* **WHAT YOU WILL DO**
An exact transcription is needed of the lines below from the one with "نظمت وحدة المسرح" through the one with "江蘇淮陰華新紙品有限公司倉庫面向社會公開招租", with no other lines and no pictures.

* **EXCERPTED DATA**

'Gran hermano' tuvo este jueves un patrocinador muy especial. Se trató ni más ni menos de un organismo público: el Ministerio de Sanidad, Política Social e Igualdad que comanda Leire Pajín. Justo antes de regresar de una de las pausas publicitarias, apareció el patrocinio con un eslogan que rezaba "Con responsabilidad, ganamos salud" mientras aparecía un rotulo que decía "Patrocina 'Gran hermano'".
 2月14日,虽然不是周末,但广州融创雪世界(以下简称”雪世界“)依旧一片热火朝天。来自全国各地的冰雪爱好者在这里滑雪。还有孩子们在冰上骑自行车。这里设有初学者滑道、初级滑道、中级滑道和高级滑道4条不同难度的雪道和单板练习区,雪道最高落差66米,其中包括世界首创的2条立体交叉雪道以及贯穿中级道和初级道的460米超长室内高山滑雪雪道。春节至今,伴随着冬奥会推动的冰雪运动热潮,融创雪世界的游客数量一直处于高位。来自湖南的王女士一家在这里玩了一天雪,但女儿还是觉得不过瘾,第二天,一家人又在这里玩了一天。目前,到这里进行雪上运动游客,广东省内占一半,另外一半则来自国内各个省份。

...

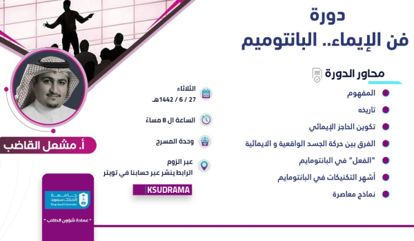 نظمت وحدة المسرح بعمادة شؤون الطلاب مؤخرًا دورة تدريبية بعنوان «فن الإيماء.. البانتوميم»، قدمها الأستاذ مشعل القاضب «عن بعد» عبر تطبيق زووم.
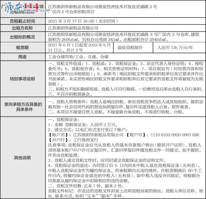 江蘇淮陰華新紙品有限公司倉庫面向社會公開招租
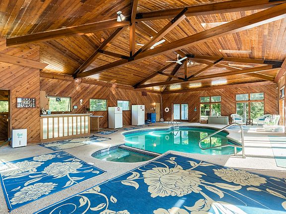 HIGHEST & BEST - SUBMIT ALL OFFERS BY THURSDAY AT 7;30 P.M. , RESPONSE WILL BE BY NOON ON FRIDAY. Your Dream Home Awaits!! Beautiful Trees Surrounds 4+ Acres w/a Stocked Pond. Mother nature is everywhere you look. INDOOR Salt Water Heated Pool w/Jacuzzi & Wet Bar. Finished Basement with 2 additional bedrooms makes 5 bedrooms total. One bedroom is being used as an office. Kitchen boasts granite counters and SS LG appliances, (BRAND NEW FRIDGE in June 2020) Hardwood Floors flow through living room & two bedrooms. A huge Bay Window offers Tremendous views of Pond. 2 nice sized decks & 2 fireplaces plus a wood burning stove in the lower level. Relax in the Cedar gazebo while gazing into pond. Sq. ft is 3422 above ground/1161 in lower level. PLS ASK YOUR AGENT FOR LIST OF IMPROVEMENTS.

* **FINISHED EXERCISE**
 نظمت وحدة المسرح بعمادة شؤون الطلاب مؤخرًا دورة تدريبية بعنوان «فن الإيماء.. البانتوميم»، قدمها الأستاذ مشعل القاضب «عن بعد» عبر تطبيق زووم.
 江蘇淮陰華新紙品有限公司倉庫面向社會公開招租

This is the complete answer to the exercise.